> _DATASET SECTION_
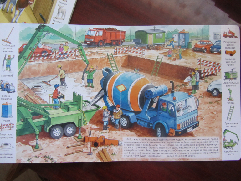 Книжка про стройку также очень полюбилась сыну. Действительно в книге очень много всякой техники - это должно быть интересно любому мальчику )) В этой книге опять как и в Путешествие на автомобиле рассказывается про тех же брата и сестру и художник соответственно тот же, в отличие от На ферме - там уже другой иллюстратор как и у других книг про животных из этой серии.
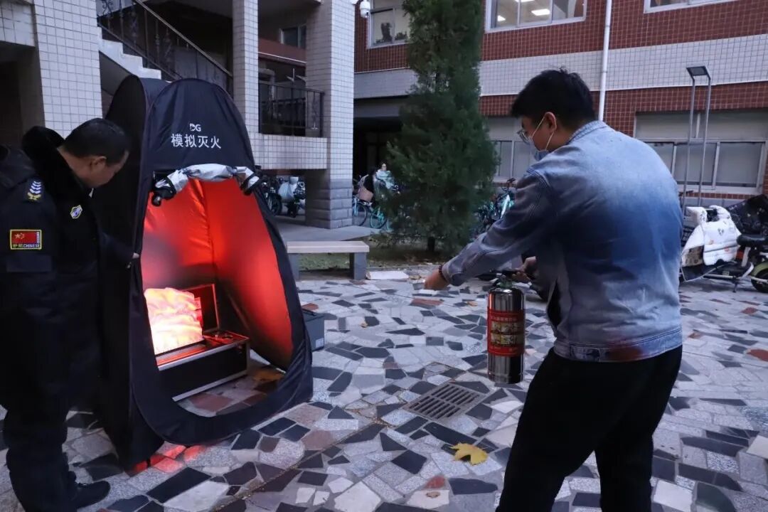 在实操体验环节,李昊辰老师现场细致讲解灭火器 “提、拔、握、压”四步操作法,逐一示范动作要领与安全注意事项。随后,学生代表上前实操演练,在专业指导下完成灭火器灭火全过程,切实掌握了初起火灾的处置技能,有效提升了实战应用能力。
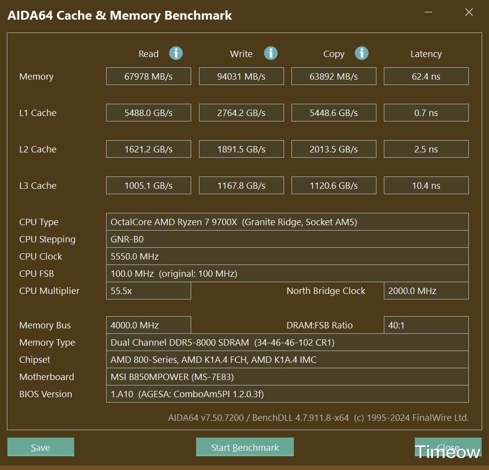 除了延迟有点高外,默频下,这款内存与9700X结合的性能数据还不错,符合5600MT/s双通道内存的性能表现。

> _WORK REQUIRED_
Return the lines exactly, from the one containing "在实操体验环节,李昊辰老师现" through the last line above, including both ends and excluding every picture.

> _PROBLEM SOLUTION_
 在实操体验环节,李昊辰老师现场细致讲解灭火器 “提、拔、握、压”四步操作法,逐一示范动作要领与安全注意事项。随后,学生代表上前实操演练,在专业指导下完成灭火器灭火全过程,切实掌握了初起火灾的处置技能,有效提升了实战应用能力。
 除了延迟有点高外,默频下,这款内存与9700X结合的性能数据还不错,符合5600MT/s双通道内存的性能表现。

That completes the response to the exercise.